The role of modern radiotherapy in cancer treatment is to irradiate target volumes that contain disease sites while sparing surrounding normal tissue. In classic 3D-based radiotherapy, treatment volumes are typically defined in Figure 1(a). Gross tumor volume (GTV) contains the primary tumor or malignant tissue, and clinical target volume (CTV) contains GTV plus its surrounding tissue that may have subclinical disease that cannot be definitely revealed by medical imaging (though it is uncommon that CTV is identical to GTV in certain definitive radiotherapy). Planning target volume (PTV), which is often defined as treatment volume in a radiotherapy plan, is defined as CTV plus a margin that accounts for possible tissue displacement and patient positioning uncertainty within a treatment course that may last several weeks [1, 2]. This CTV to PTV margin can be called as setup margin. Depending on different treatment sites and disease stage, setup margin ranges from a few millimeters to 1–2 cm. However, in some radiotherapy treatment, the GTV volume is not stable: when treating tumors in lung, esophagus, and abdominal regions (liver, pancreas, etc.), tumors move under the effect of respiratory activity. Such target motion, referred as respiratory motion, has to be accounted in radiotherapy for effective therapeutic outcome. Thus, a large setup margin for PTV was proposed to account for possible respiratory motion. However, such simple solution has two problems: (1) amplitudes of respiratory motion vary among different individuals. Results of 1–2 mm up to 3 cm are commonly observed in clinic. A single large margin may not yield optimal treatment outcome for patients with extended/limited motion amplitudes [3]; and (2) a large setup margin may lead to unnecessary irradiation of normal tissue, which may substantially increase toxicity of radiotherapy. With the current trend of stereotactic body radiotherapy (SBRT, also referred as stereotactic ablative body radiotherapy SABR) using very high radiation dose to treatment cancer in a few fractions, such big margin with large toxicity becomes unacceptable.

Figure 1.

Diagrams of volume definition in modern radiotherapy. (a) Definitions without consideration of target motion; (b) Definitions with ITV included to account for target motion.

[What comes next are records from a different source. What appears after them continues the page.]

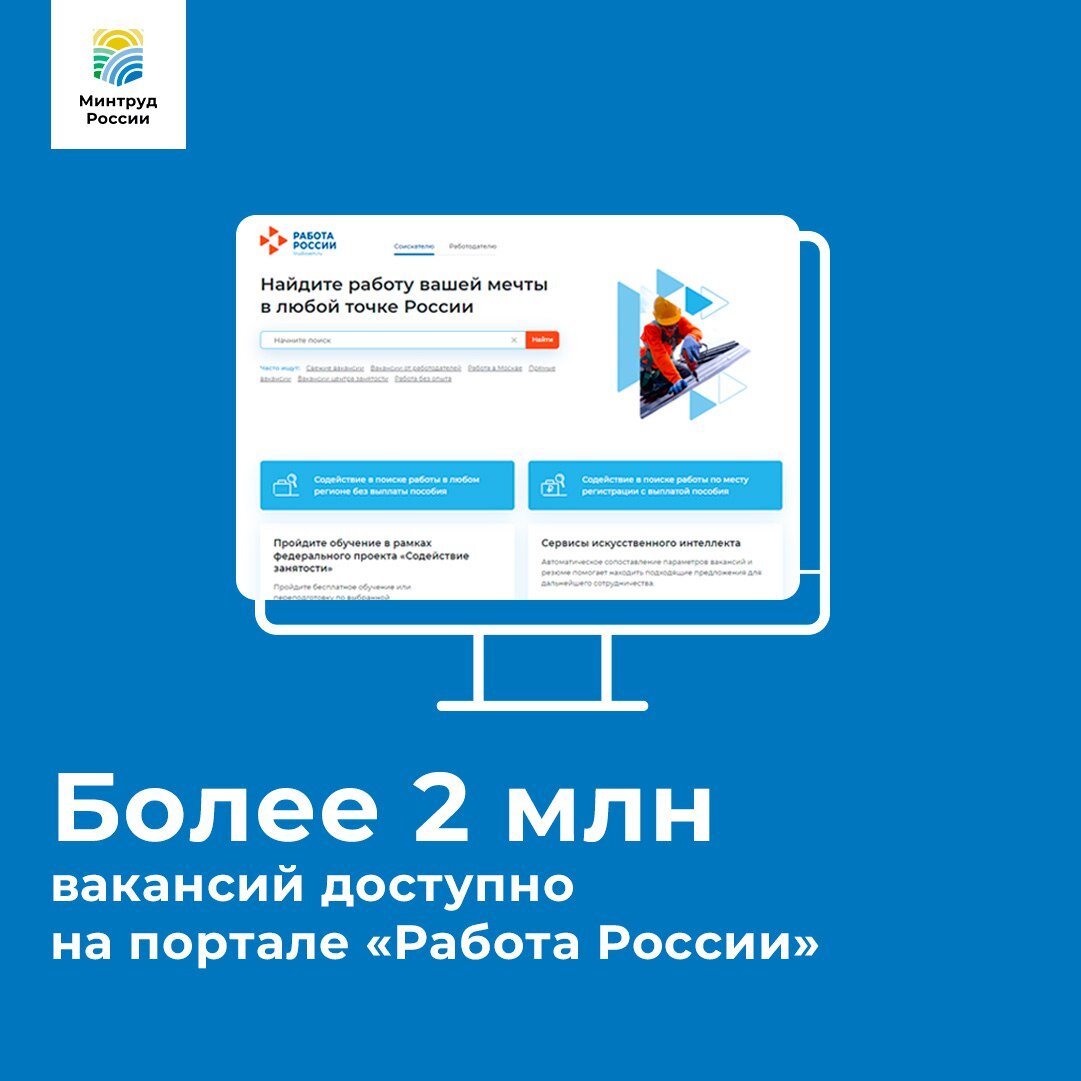 На портале «Работа России» уже более 2 миллионов вакансий!
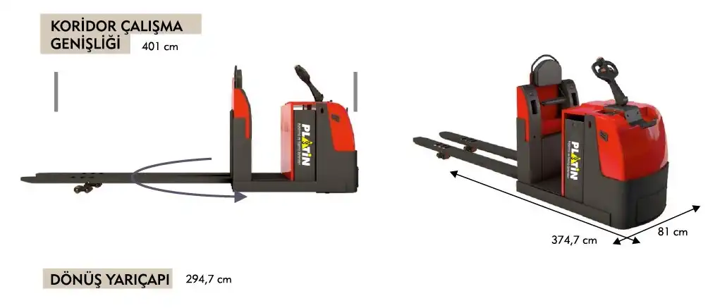 Güvenlik Özellikleri: Transpalet, güvenlik standartlarına uygun olarak tasarlanmıştır. Güvenli fren sistemi, acil durum stop düğmesi ve stabilite özellikleri, operatörün güvenli bir şekilde çalışmasını sağlar.
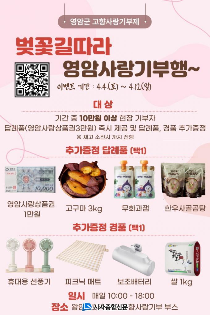 ÀÌ¿Í ÇÔ²² ÃàÁ¦ ±â°£ÀÎ 4¿ù 4ÀϺÎÅÍ 12ÀϱîÁö ÃàÁ¦Àå ³» °íÇâ»ç¶û±âºÎ ºÎ½º¿¡¼´Â ÇöÀå ±âºÎ À̺¥Æ®µµ ¿î¿µµÈ´Ù. ÇöÀå¿¡¼ ±âºÎ¿¡ Âü¿©ÇÒ °æ¿ì ±âÁ¸ ´ä·Êǰ¿¡ ´õÇØ Ãß°¡ ÁõÁ¤Ç°À» ¹ÞÀ» ¼ö ÀÖ´Ù.
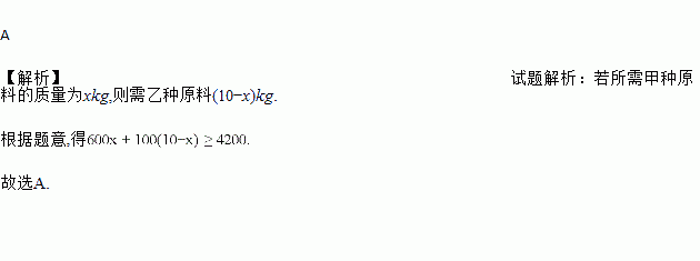 用甲、乙两种原料配制成某种饮料,已知这两种原料的维生素C含量及购买这两种原料的价格如下表:,甲种原料,乙种原料维生素C含量(单位/千克),600,100原料价格(元/千克),8,4现配制这种饮料10千克,要求至少含有4200单位的维生素C.若所需甲种原料的质量为x千克,则x应满足的不等式为( )
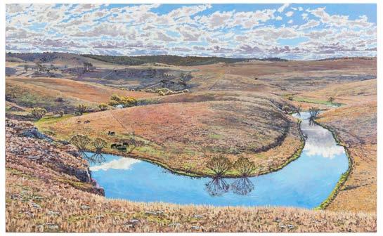 The painter Lucy Culliton has lived at Bibbenluke in the Snowy Monaro region of New South Wales for the past 17 years. Subjects for her paintings are drawn from the world around her, such as the ever growing garden and her menagerie of rescue animals and birds. Add to this, panoramic vistas beyond her property – vistas of regeneration that have inspired the artist over the past decade. The property she has closely observed stretches along the Cambalong Creek in Gunningrah belongs to her friend and neighbour Charlie Maslin, a regenerative farmer. In support of her painting, In Gunningrah 2025, the artist described the practice: ‘Livestock are rotated in cell paddocks so the grass has long breaks from the wear and tear of animals. Charlie has built leaky weirs along the creek so large ponds hold water longer in dry times. Grasses and reeds grow along the edges of the banks so erosion isn’t an issue. All good farming practices in my mind.’
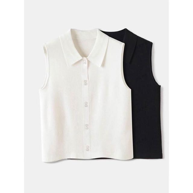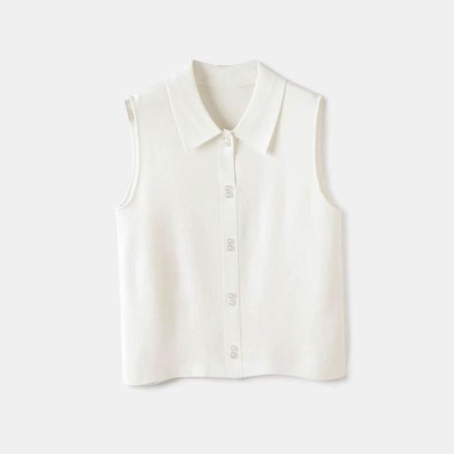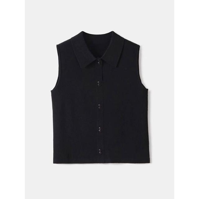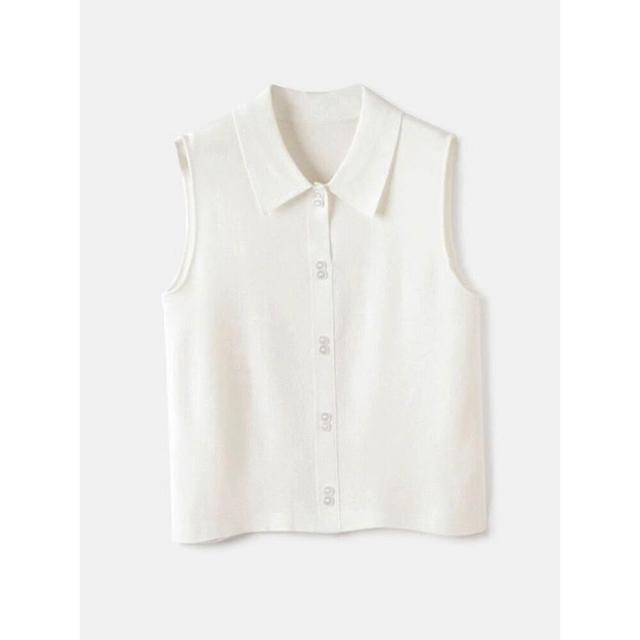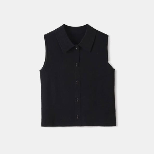 襯衫領針織背心女美利奴羊毛無袖打底衫馬甲翻領疊穿內搭無袖襯衫
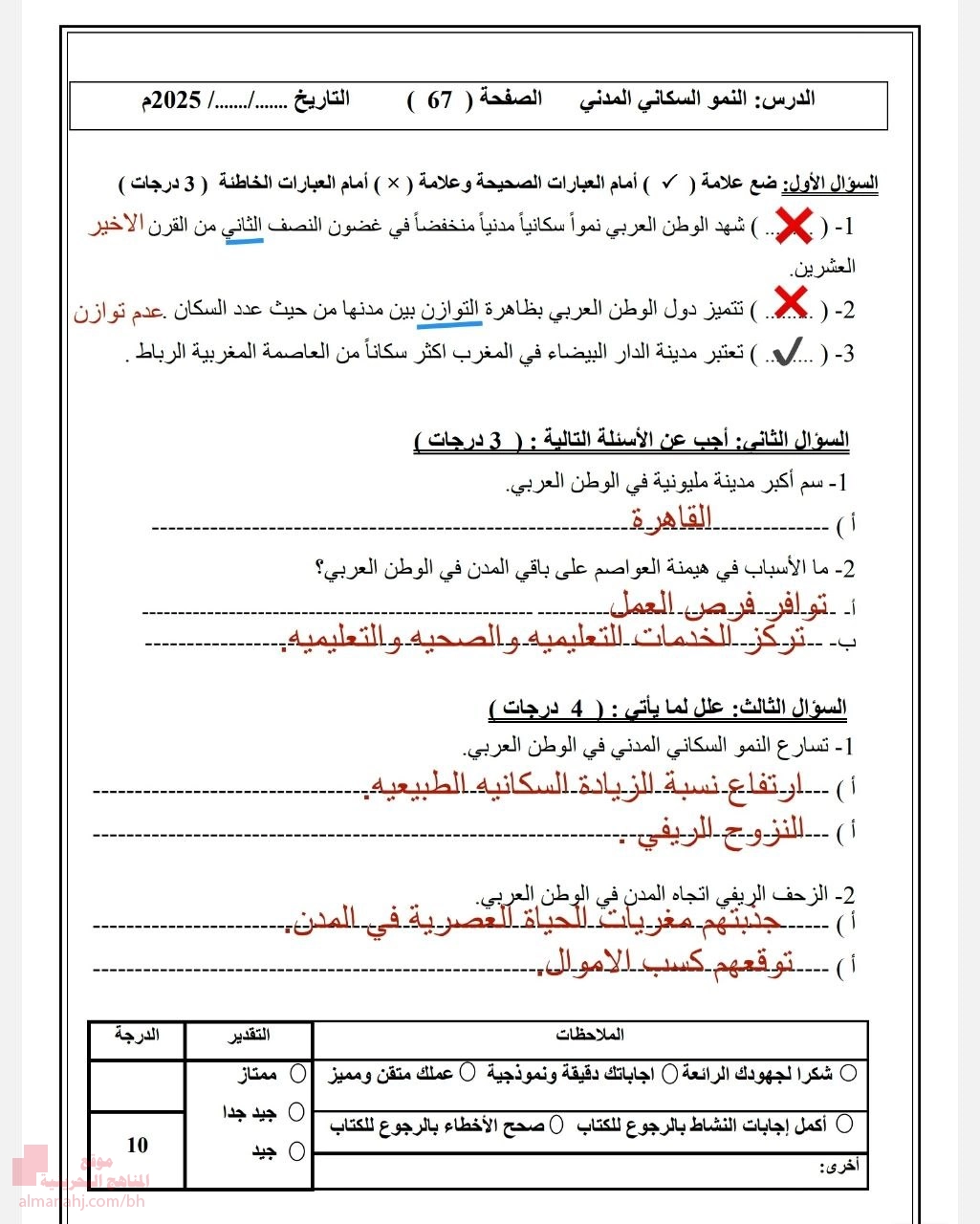 15. الصف التاسع, المواد الاجتماعية, مراجعة الاختبار الثاني في المواد الاجماعية

To account for aforementioned issue, dynamic imaging concept was proposed to capture individualized target motion pattern and amplitude. Such information can be used to define an internal target volume (ITV), which adds an internal margin to CTV that accounts for full possible motion range during radiotherapy (Figure 1(b)). This internal margin is determined on an individual basis during the initial treatment simulation. Compared to a generous setup margin, the added internal margin can maximize the therapeutic effect while reducing the irradiation to normal tissue [4, 5].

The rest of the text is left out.